Abstract:
2-Hydroxyglutarate (2HG) is an oncometabolite that can contribute to tumor progression. Two enantiomer forms, L-2HG and D-2HG, arise from independent pathways starting from the precursor α-ketoglutarate (αKG). L-2HG production occurs through the promiscuous activities of malate dehydrogenase (MDH) and lactate dehydrogenase (LDH) under acidic and/or hypoxic conditions. D-2HG frequently accumulates by gain-of-function mutations in the genes encoding two isoforms of isocitrate dehydrogenase (IDH1 and IDH2).
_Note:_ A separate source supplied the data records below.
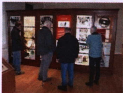
Leben eines/r Bibbesheimers/in
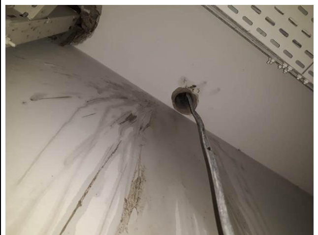
Figura 08: Perfuração em laje de concreto
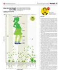
Gráfico: Jaqueline Bautista
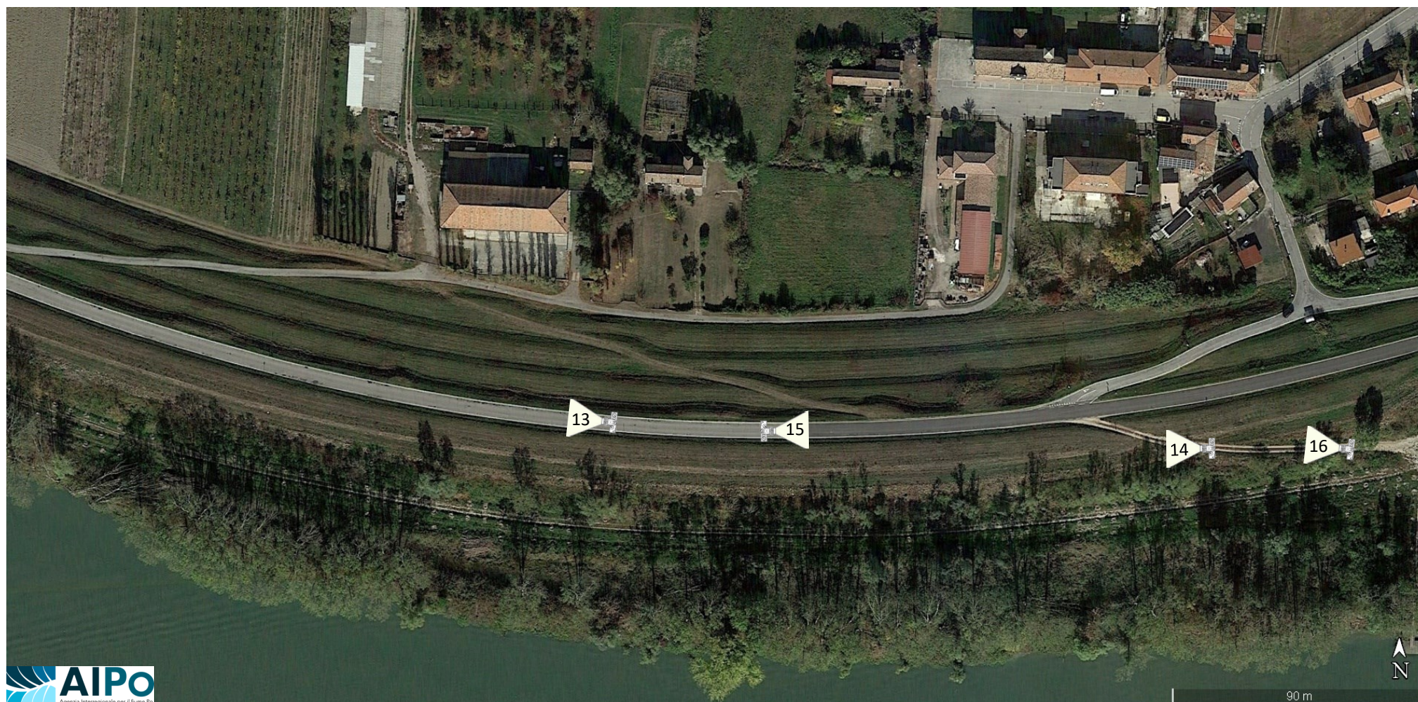
Disposizione coni di visuale 4

Cognate metabolite repair enzymes, L- and D-2-hydroxyglutarate dehydrogenases, oxidize the enantiomers and cause abnormally high 2HG accumulation and disease when mutated. Elevated levels of either oncometabolite affect redox homeostasis, metabolism, and immune system functioning. Moreover, the oncometabolites inhibit several α-ketoglutarate-dependent dioxygenases resulting in epigenetic changes such as DNA and histone hypermethylation as well as deficiencies in DNA repair. L-2HG, and D-2HG in some cases, inhibit degradation of hypoxia-inducible factor (HIF1α), a transcription factor that alters gene expression to adapt to hypoxic conditions, favoring tumorigenesis. Patients with the rare disease 2-hydroxyglutaric aciduria (2HGA) have exceedingly high levels of 2HG, which is neurotoxic, causing developmental delays and brain abnormalities. D-2HG also has specific effects on collagen production and NADPH pools. Recently, D-2HG has been targeted in new chemotherapies aimed at disrupting the gain-of-function IDH1 and IDH2 mutants, resulting in successful clinical trials for several cancers.
摘要:
2-羟基戊二酸(2HG)是一种可促进肿瘤进展的代谢产物。两种对映异构体形式,L-2HG和D-2HG,从前体α-酮戊二酸(αKG)开始的独立途径产生。在酸性和/或低氧条件下,通过苹果酸脱氢酶(MDH)和乳酸脱氢酶(LDH)的混杂活性产生L-2HG。D-2HG经常通过编码异柠檬酸脱氢酶的两种同工型(IDH1和IDH2)的基因中的功能获得性突变而积累。同源代谢物修复酶,L-和D-2-羟基戊二酸脱氢酶,氧化对映异构体,并在突变时引起异常高的2HG积累和疾病。两种代谢物水平的升高都会影响氧化还原稳态,新陈代谢,和免疫系统功能。此外,代谢产物抑制几种α-酮戊二酸依赖性双加氧酶,导致表观遗传变化,如DNA和组蛋白超甲基化以及DNA修复缺陷。L-2HG,和D-2HG在某些情况下,抑制缺氧诱导因子(HIF1α)的降解,改变基因表达以适应缺氧条件的转录因子,有利于肿瘤发生。罕见疾病2-羟基戊二酸尿症(2HGA)患者的2HG水平极高,有神经毒性,导致发育迟缓和大脑异常。D-2HG还对胶原蛋白产生和NADPH池具有特定作用。最近,D-2HG已成为新的化疗药物的目标,旨在破坏IDH1和IDH2突变体的功能获得。导致几种癌症的成功临床试验。